Manu’s poetic imagination hovers around places like Konark, puri, river daya. Recurring images of rain, temple, death, decay remind us of jayanta mahapatra’s poems.

Manu’s poetic imagination hovers around places like Konark, Puri, Bhubaneswar, river Daya…, and recurring images of rain, temple, death and decay remind us of the oeuvre of Jayanta Mahapatra. Manu eschews literary sophistry; and his exploration of his environs with ceaseless ‘wonder’ yields rich dividends: “Summer has overstayed/ like an unwelcome guest.... The old astrologer smiles on TV/ advising us to watch and wait.”
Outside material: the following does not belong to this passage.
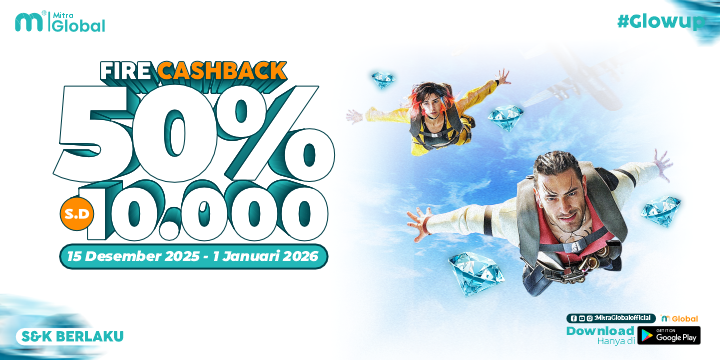 Buat kamu para survivor Free Fire, sekarang waktunya top up lebih untung! Nikmati Cashback hingga 50% dengan maksimal Rp10.000 khusus untuk setiap transaksi produk Game Free Fire. Top up bukan cuma soal Diamond masuk, tapi juga soal harga terbaik, proses cepat, dan bonus nyata.
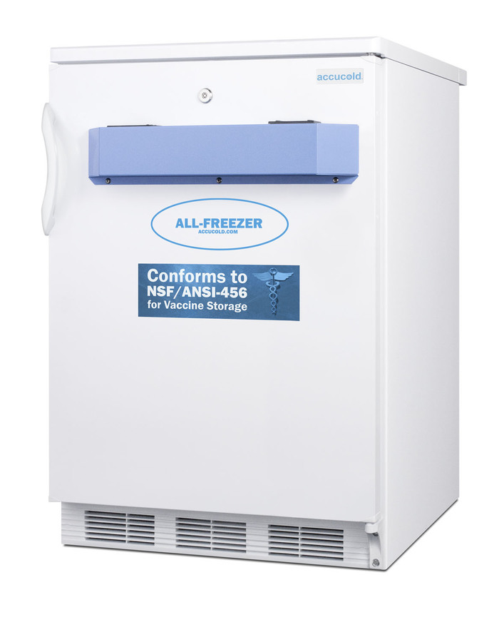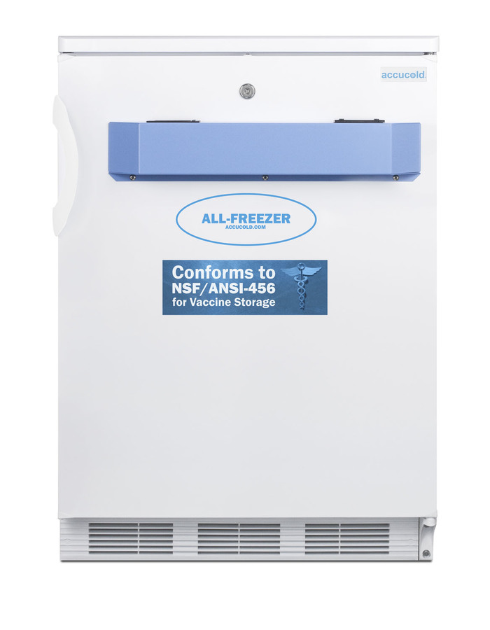 Accucold manufactures purpose-built freezers designed to meet the rigorous standards of NSF 456 for the stable storage of vaccines and other pharmaceuticals. The VT65MLVAC456 is a 24" wide all-freezer with a front-breathing design and fully finished exterior to allow built-in installation under counters or freestanding use. The digital microprocessor temperature controls are pre-set and locked at -30ºC to prevent accidental adjustments (if you need to adjust the temperature, contact our Technical Support team). As recommended by VFC programs and the CDC Vaccine Storage and Handling Toolkit, this unit includes a NIST calibrated thermometer that displays the current, minimum, and maximum temperatures to the nearest tenth of a degree with an external readout viewable in Celsius or Fahrenheit. A two-year certificate of calibration is included for your facility's records. The thermometer features an audible alarm to warn users if the interior has gone out of the programmed temperature range. The buffered temperature probe is encased in a glycol-filled bottle to best simulate the temperature of other stored contents, resulting in the utmost accuracy for temperature reporting. We include a pre-installed 3/8" probe hole for users who wish to install additional monitoring equipment. This freezer's temperature is pre-set and locked at -30ºC to prevent accidental temperature adjustments (if you need to change the temperature, contact our Technical Support team for assistance). The extra thick insulation and static manual defrost cooling system offer reliable temperature stability. The overall capacity is 3.2 cu.ft., with a 1.85 cu.ft. of usable space for vaccine storage. Three slide-out drawers on fixed shelves allow you to store contents easily. The drawers are made from clear plastic, allowing you to view contents while protecting them from warmer air when the door is opened. As required by the NSF/ANSI 456 standards, the interior includes a defrost indicator to alert users when it is necessary to defrost. The VT65MLVAC456 features a factory-installed lock located towards the top of the door for convenient access, with two keys included. It ships with a right hand door swing (for the door to open from the left, add upgrade LHD). The door is self-closing to help protect stored items. The hospital grade cord includes a green dot plug for a more secure connection in wall outlets. For this same unit sized to fit under lower ADA compliant counters, see the VT65MLBIVAC456ADA. *NOTE: This unit's thermostat is pre-set for Celsius. If you prefer Fahrenheit, add complimentary option DTMEDF or let your sales representative know upon order. ABOUT NSF 456: NSF/ANSI 456 is a voluntary standard introduced in 2021 that was designed to establish the performance and construction requirements for vaccine refrigeration. Models certified to this standard undergo strict testing to confirm temperatury consistency. All Accucold units approved to NSF 456 for vaccine storage are certified by an independent testing agency.

The poems also do not flog the old chestnuts of angst, ennui, or existential limbo, and are without abstractions in imagery or symbolism. He picks his themes from life felt or seen intimately: “The decomposing newspaper sobs/ measuring the long day”. The poet hears “The whining of the bulldozer clearing the debris” and ‘hymns’ that goats and roosters recite. He believes that the ‘obvious’, too, needs to be shown: “How much of plastic/ do the cows of our times consume?” Imbued with an ‘old world’ charm, he plays around the erotic and sensual once a while: “The beauty of words/ like the breast of a lady,/ less revealed more concealed/ in the cave of her mind.”

Reading Manu’s poems is like visiting a black and white photo gallery where the proportion of darkness to light reveals a ‘surly, grey’ reality. Although writing political poems is not his forte, the saving grace here is Irom Chanu Sharmila. A set of seven artistically imagined questions build up the structure of this short, powerful poem: “What contour does iron take/when it starts melting?/ What music does it produce/ when love smells the body?” Never ostentatious, what captivates the reader is a certain earthiness, a lilting voice; a voice that sits light as feather on their shoulders.